In some embodiments the multiple zones 413a-n of the detection
device 411 are touch sensor zones, for example separate capacitive
touch sensor zones. In some embodiments, a single capacitive touch
sensor area with multiple capacitive touch sensors is generally
provided across the top of the detection device, as may be found in
a capacitive touchscreen device, for example. In such embodiments
the physical objects may include a conductive surface, or may be
for example of or include a conductive material, for example a
conductive plastic or a polymeric matrix including conductive
materials. The capacitive touch sensor(s) of the detection device
may therefore effectively provide information as to location of the
physical object while the physical object is being touched by a
game player. In some embodiments with touch sensor zones or
area(s), the detection device additionally includes one or more
RFID readers, with the physical objects including RFID tags having
information identifying the physical objects, and in some
embodiments including information regarding characteristics of the
physical objects. In both the embodiments with multiple RFID
reading zones and the embodiments with touch sensor zones or areas,
the detection device receives information as to location and/or
relative position of the physical objects. In such embodiments the
game console may use the position or relative position information
in populating and placing structures in the particular area of the
virtual game world.
[0039] In some embodiments, the detection device comprises a
plurality of detection areas, one or more of which may be
configured to detect physical objects of a certain type. For
example, the detection device may comprise two detection areas, one
for the placement of defensive objects and the other for placement
of offensive weapons. In another example, the detection device may
comprise a central detection area for placement of building
objects, the central detection area being surrounded by a plurality
of peripheral detection areas for placement of wall objects or
weapon objects. Of course, in various embodiments any other
configuration may be used.
[0040] For the system of FIG. 3, therefore, with the physical
objects as arranged on the first and second detection devices, the
game console may populate a first particular area of the virtual
game world with a house and two walls and populate a second
particular area of the virtual game world with two walls. The first
particular area may be a base for a first game player and the
second particular area may be a base for a second game player.

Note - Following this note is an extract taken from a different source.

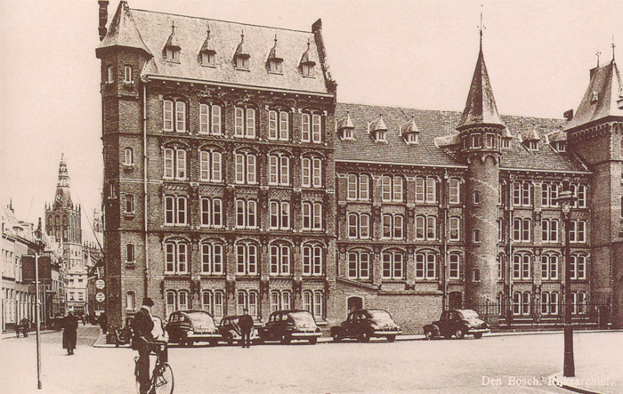De Waterstraat, een straat in het stadscentrum met aan een zijde een foeilelijke parkeergarage en aan de andere zijde overheidsgebouwen. Eens zetelde hier het provinciaal bestuur. En in het hoekpand was eens het Rijksarchief gevestigd; we nemen een kijkje achter de voorgevel van: Waterstraat 20. In 1837 werd in een vergadering van Provinciale Staten voor het eerst gesproken over de noodzaak van het realiseren van een archiefbewaarplaats in de provincie. Pas in 1859 werd er ruimte voor gereserveerd in de bestaande griffiegebouwen. Omdat echter het aantal archieven in strekkende meters bleef groeien en het aantal bezoekers toenam, werd naar een andere oplossing gezocht. het Rijk zou een archiefgebouw bouwen, waarin ook de archieven van de provincie onderdak konden krijgen. In 1876 en 1877 werden gronden naast het griffiegebouw verworven en kon een ontwerp gemaakt worden. Degene die het ontwerp maakte, re rijksbouwkundige J. van Lokhorst, moest er rekening mee houden dat er eventueel nog een stuk grond verworven kon worden. Het meest rechtse deel van het plangebied was namelijk in handen van smid Smulders en deze wilde voorlopig zijn smederij behouden. Lokhorst maakte een eenvoudige opzet. Aan de voorzijde plande hij een dienstgedeelte van twee hoofdverdiepingen en aan de achterzijde een depot van vier halve verdiepingen. In het midden lag een centraal trappenhuis. 's Rijks architect voor de museumgebouwen, P.J.H. Cuypers, vond de opzet van de hoofdingang te schraal, te arm. Hij maakte ook opmerkingen over de zijgevel en het materiaalgebruik. De minister nam de adviezen van Cuypers over en Lokhorst wijzigde zijn ontwerp. In 1881-1883 werd het archiefgebouw gerealiseerd. Snel bleek echter dat er geen ruimte meer was voor de aanwas van nieuwe archieven; de commissaris des Konings had hiervoor reeds gewaarschuwd! De archivaris was echter tevreden: 'het gebouww is zeer droog, de brandblusmiddelen zijn perfect'. Het bleek dat het bluswater vanuit de Binnendieze opgepompt werd en opgeslagen in een vat op de zolder! In 1886 ging smederij Smulders failliet. Hierdoor ontstond de mogelijkheid een uitbreiding van het archiefgebouw te realiseren aan de zuidzijde. Dat gebeurde dan ook. Er kwam een forse uitbreiding en zeker aan depotruimte zou men voorlopig geen gebrek hebben. Het was juist in de periode dat rijksarchivaris Krom hier de scepter voerde. Hij wist vele archieven te verwerven die in zijn depots onderdak kregen. Later noemde hijzelf deze periode dan ook 'mijn negentien reis- en verzameljaren'. Ondermeer alle notariële archieven van Noordbrabantsche notarissen van vóór 1811 werden er ondergebracht. Het is opmerkelijk dat het Rijksarchief toch zo lang aan de Waterstraat is gehuisvest, want met name de groei van bezoekers en de aanwas van archieven noopten steeds tot het kiezen van nieuwe oplossingen. Zo werden archieven ondergebracht in een oude legerbunker op de Veluwe en in een magazijn in Den Bosch. In 1966 werd het principebesluit genomen om te komen tot een nieuwe huisvesting voor het Rijksarchief. Bijna twintig jaar later werd dit gerealiseerd in de voormalige Citadel. In 1985 verhuisde het Rijksarchief en het oude gebouw werd bestemd tot depot voor de archieven van Justitie die nog niet openbaar zijn. En in de toekomst? Justitie zal verhuizen naar het nieuwe plan La Gare en het oude archiefgebouw zal weer leeg komen te staan. Het is niet bekend wat de nieuwe funktie van dit markante gebouw (met een hoofdgebouw uit 1883 en depots uit 1887) zal worden. |

During game play, the first game player may control a first virtual
game character within the virtual game world using the first game
controller, with the game console determining first virtual game
character actions based on inputs from the first game controller.
Similarly, the second game player may control a second virtual game
character within the virtual game world using the second game
controller, with the game console determining second virtual game
character actions based on inputs from the second game controller.
In some such embodiments, the first and second virtual game
characters may interact with each other and/or engage in activities
in their own or the other player's base. In addition, in some
embodiments, identities and/or characteristics of the first virtual
game character and/or the second virtual game character may be
based on physical objects read by the detection devices, with the
physical objects for example representative of and storing
information of a virtual game character.
[0041] FIG. 5 is a flowchart of a process for providing gameplay
with game world structures based on detected physical objects in
accordance with aspects of the invention. In some embodiments the
process is performed by a game device, for example the game console
of FIG. 3. In some embodiments the process is performed by a
processor configured by program instructions, for example the
processor of the game console.
[0042] In blocks 511a and 511b the process reads information
provided by a first detection device and a second detection device,
respectively. The detection devices may be as discussed with
respect to FIG. 1, 3, or 4, or as otherwise discussed herein. The
detection devices generally read information from physical object
placed on the detection devices, with the information relating to a
structure for use in game play. As the detection devices provide
information from physical objects for use in game play, the
detection devices may be considered game portals for the physical
objects. In some embodiments the process may read the information
from the detection devices sequentially, although FIG. 5 shows the
operations of blocks 511a and 511b as occurring in parallel. In
addition, although use of two detection devices is shown in the
process of FIG. 5, in various embodiments only one detection device
may be used, and in other various embodiments use of more than two
detection devices may be supported, either locally or
networked.
[0043] In block 513 the process determines aspects of a virtual
game world environment based on the information provided by the
detection devices. In some embodiments the process determines
structures to place in one or more predefined areas of the virtual
game world environment based on the information provided by the
detection devices. In some embodiments the information provided by
the detection devices identifies the structures. In some
embodiments the information provided by the detection devices
identifies the structures and their characteristics, for example,
shape, size, color, texture, and other features of the structures.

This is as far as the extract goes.